Exercise details
Leaving out the pictures, transcribe all of the records faithfully.

Materials provided
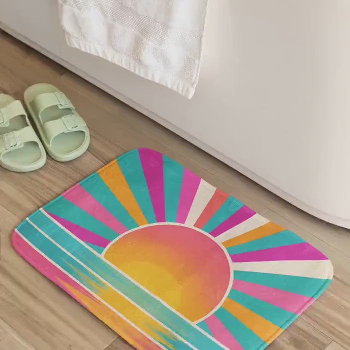 Step out of the shower and into sunshine with this dreamy bath mat! Designed to match our Sunrise Radiance Shower Curtain, this mat features a soft and bright sunrise palette—glowing with turquoise, blush pink, off-white, and golden yellow. The perfect pop of color to brighten any bathroom with youthful, boho flair 🌈🌞
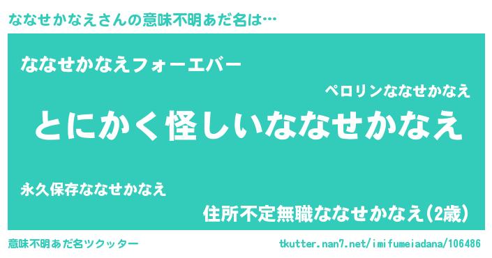 | ポケモン風あだ名 | 『ヒナナセカナエ』『ナナセダネ』 |
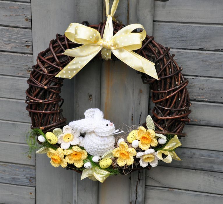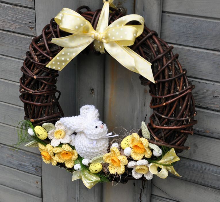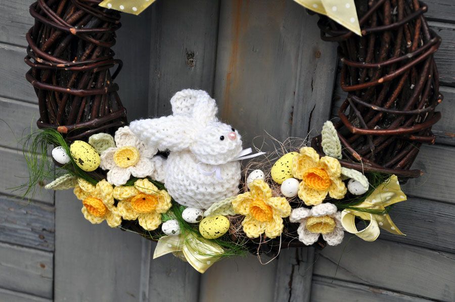 Piękny i wyjątkowy wianek świąteczny z wikliny ozdobiony szydełkowym zającem i kwiatami oraz rafią, jajeczkami z tworzywa, wstążkami; średnica 35cm; wianek przystosowany do powieszenia na drzwiach lub w oknie; wianki występują w pojedynczych egzemplarzach, nie możliwości powtórzenia wzoru; zapraszam serdecznie
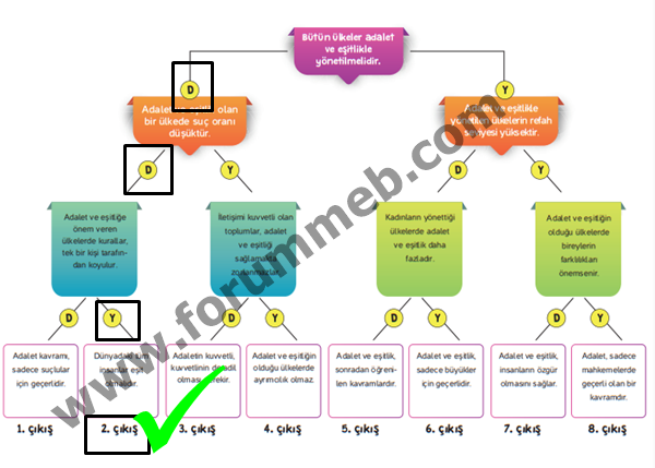 Soru : Aşağıdaki etkinliği inceleyiniz. Doğru olduğunu düşündüğünüz okları takip ederek etkinlik sonunda hangi ifadeye ulaştığınızı işaretleyiniz.
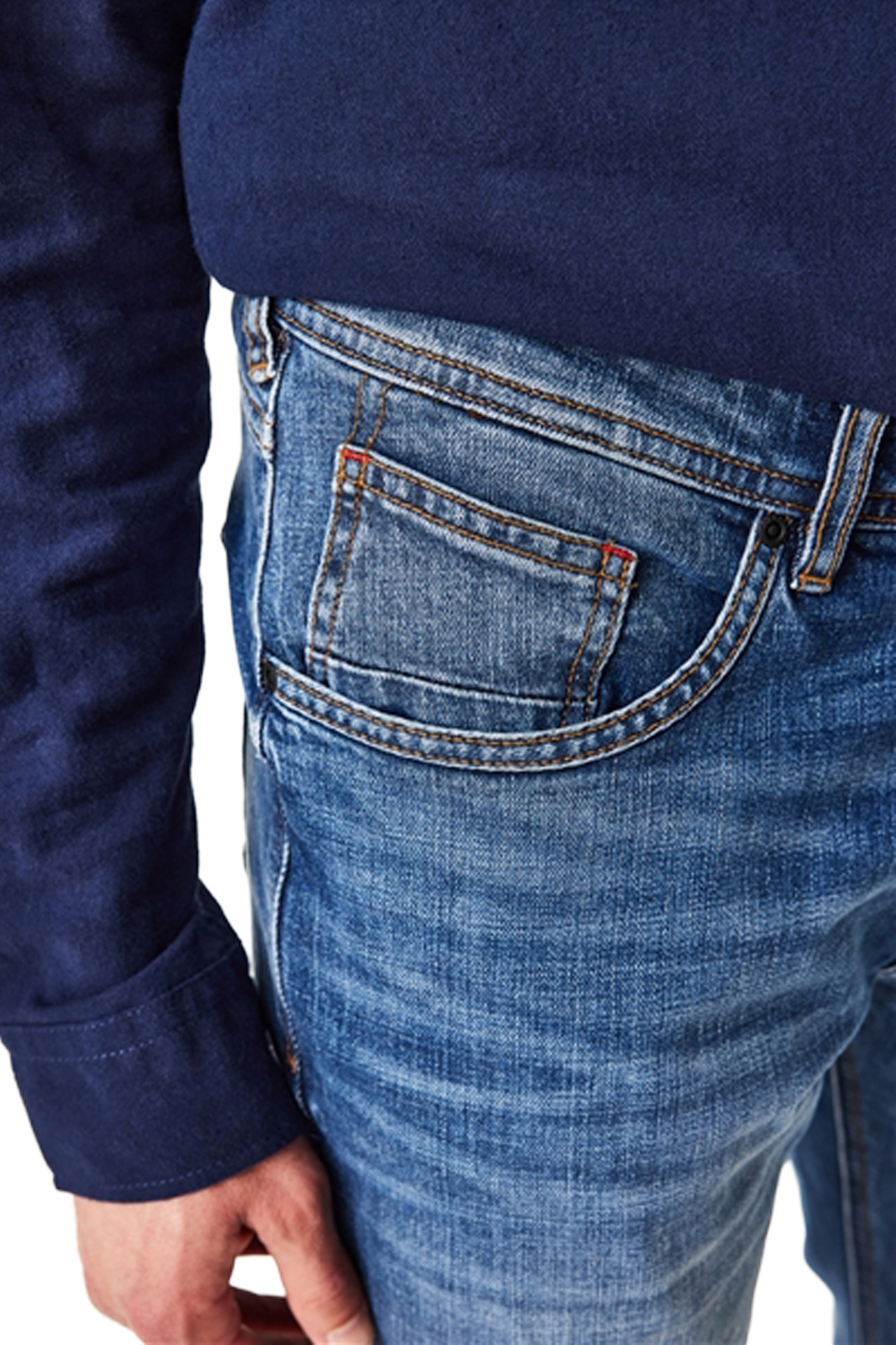Die Jeans ist aus hochwertigem Stretchdenim (99 % Baumwolle, 1 % Elasthan) gefertigt und bietet dadurch einen angenehmen Tragekomfort mit optimaler Bewegungsfreiheit. Mit ihrem Regular Fit und der Medium Rise Leibhöhe sitzt sie bequem und passt zu jedem Anlass. Besonders praktisch: Die eingefassten Fronttaschen unterstreichen die hochwertige Verarbeitung.

Solution to this exercise
 Step out of the shower and into sunshine with this dreamy bath mat! Designed to match our Sunrise Radiance Shower Curtain, this mat features a soft and bright sunrise palette—glowing with turquoise, blush pink, off-white, and golden yellow. The perfect pop of color to brighten any bathroom with youthful, boho flair 🌈🌞
 | ポケモン風あだ名 | 『ヒナナセカナエ』『ナナセダネ』 |
 Piękny i wyjątkowy wianek świąteczny z wikliny ozdobiony szydełkowym zającem i kwiatami oraz rafią, jajeczkami z tworzywa, wstążkami; średnica 35cm; wianek przystosowany do powieszenia na drzwiach lub w oknie; wianki występują w pojedynczych egzemplarzach, nie możliwości powtórzenia wzoru; zapraszam serdecznie
 Soru : Aşağıdaki etkinliği inceleyiniz. Doğru olduğunu düşündüğünüz okları takip ederek etkinlik sonunda hangi ifadeye ulaştığınızı işaretleyiniz.
Die Jeans ist aus hochwertigem Stretchdenim (99 % Baumwolle, 1 % Elasthan) gefertigt und bietet dadurch einen angenehmen Tragekomfort mit optimaler Bewegungsfreiheit. Mit ihrem Regular Fit und der Medium Rise Leibhöhe sitzt sie bequem und passt zu jedem Anlass. Besonders praktisch: Die eingefassten Fronttaschen unterstreichen die hochwertige Verarbeitung.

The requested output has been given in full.